There has to be a better path than effectively stealing cable.


----------



## jlb (Dec 13, 2001)

Well, there are legit ways of doing this ie if a family member does YouTube tv for example I think you can have 5 or 6 family members on the same account.


----------



## LarryAtHome (Feb 18, 2008)

jlb said:


> Well, if you only care about being able to DVR locals, you could get an OTA TiVo and an HD antenna (assuming you are in reach of the local HD signals.....)


With ATSC 3.0 just starting up, OTA on a TiVo may end also.....


----------



## Pokemon_Dad (Jan 19, 2008)

LarryAtHome said:


> With ATSC 3.0 just starting up, OTA on a TiVo may end also.....


When any station finally officially switches, they have to also broadcast in ATSC 1.0 for five years. Seems to me we have just as much time on legacy CableCARDs too, since we're also on that topic. So no need for immediate worry, but this does make a lifetime TiVo seem barely worth it at this point.


----------



## tommiet (Oct 28, 2005)

[QUOTE="ManeJon, post: 12174699, Unfortunately, where I live Spectrum only has 2 tuner boxes and no whole home so why bother. Maybe the cloud DVR will get here soon. No great solution.[/QUOTE]
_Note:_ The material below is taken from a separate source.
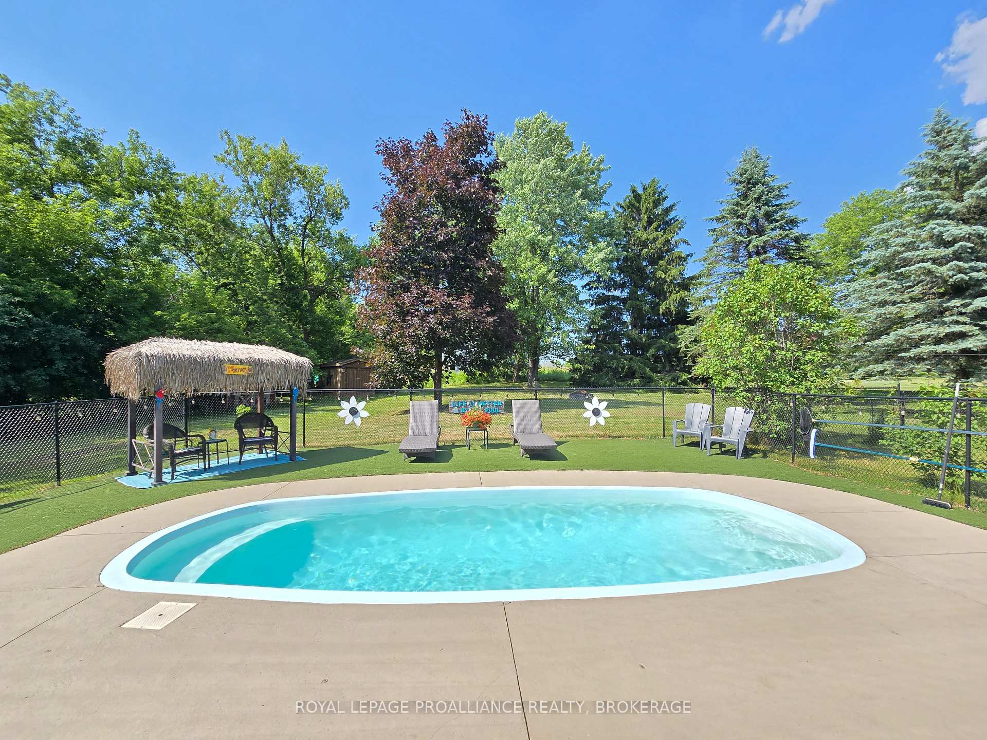 Forget the travel agent and prepare for a permanent staycation at 7379 County Rd 2. This stunning brick bungalow in Greater Napanee is a masterclass in pride of ownership, offering a seamless blend of sophisticated indoor living and a backyard that feels like a private resort. This carpet-free home has been updated with beautiful finishes, featuring gleaming hardwood floors and a massive picture window that fills the open-concept living space with natural light.The heart of the home is a gorgeous modern kitchen that makes entertaining effortless. With three spacious bedrooms, one and a half updated bathrooms, and the ultimate convenience of main-floor laundry, every detail has been considered for easy living. The fully finished basement doubles your living space for movie nights and includes a dedicated workshop for the hobbyist to enjoy year-round projects.While the interior is pristine, the outdoor space is a total showstopper. The fully fenced backyard is a professionally landscaped sanctuary featuring a sparkling in-ground saltwater pool, a permanent gazebo for shaded dining, a large deck, and your very own poolside Tiki Hut to bring the vacation vibes home. Smart ownership is at the forefront here, as the property boasts impressively low utility costs. A dedicated cistern is also on-site, used solely for watering the lush gardens and filling the pool to keep maintenance simple and cost-effective. Complete with an attached garage and numerous recent updates, this is more than just a home, it is a lifestyle destination. Book your private tour today and start living the resort life.

I also live in an area where Spectrum only has an OLD 2 tuner box. BUT, a couple of weeks ago, when I was going to drop my TV service (due to another price increase,) Spectrum offered me a streaming package option with a cloud DVR. It seems the only way you can get this option is asking to cancel service. I ended up keeping my cable TV service with a $20.00 discount AND they raised my internet service download speed from 200Mbps to 500Mbps. Upload fromm 20Mbps to 80Mbps. The DVR service was $5.00 a month. Streaming was $15.00-$49.00. Customers cannot get the streaming/DVR options unless you have their Internet service.

Spectrum knows the home DVR is coming to an end and they are not spending money on new products. Overall, my Spectrum service is fine..

When my TiVo yearly service ends in June 2021, I'm going to try Spectrum's cloud/dvr service. I can try the steaming service @ anytime as Spectrum allows current customers to use it anytime. Might try the DVR service late 1st quarter.

TiVo's DRV days are numbered. No way would I buy a TiVo product that needs a cable card and too many free options for OTA recording.

The wife owns the remote in my house... I just pay the bill. She will make the call.


----------



## ncbill (Sep 1, 2007)

Pokemon_Dad said:


> When any station finally officially switches, they have to also broadcast in ATSC 1.0 for five years. Seems to me we have just as much time on legacy CableCARDs too, since we're also on that topic. So no need for immediate worry, but this does make a lifetime TiVo seem barely worth it at this point.


I can see cablecos ending support for *retail* CableCards at some point relatively soon.

Given my personal experience with Spectrum I wouldn't be surprised to see them announce *retail* CC support ending sometime within the next couple of years.

Which is why I've *always* bought Tivo models compatible with both cable & antenna.


----------



## slowbiscuit (Sep 19, 2006)

powrcow said:


> But the argument against TiVo is that ALL of cable TV is expensive so just pick the streaming service that gives you the channels/shows you watch and be done with it. That's also hard and can quickly equal the cost of cable TV.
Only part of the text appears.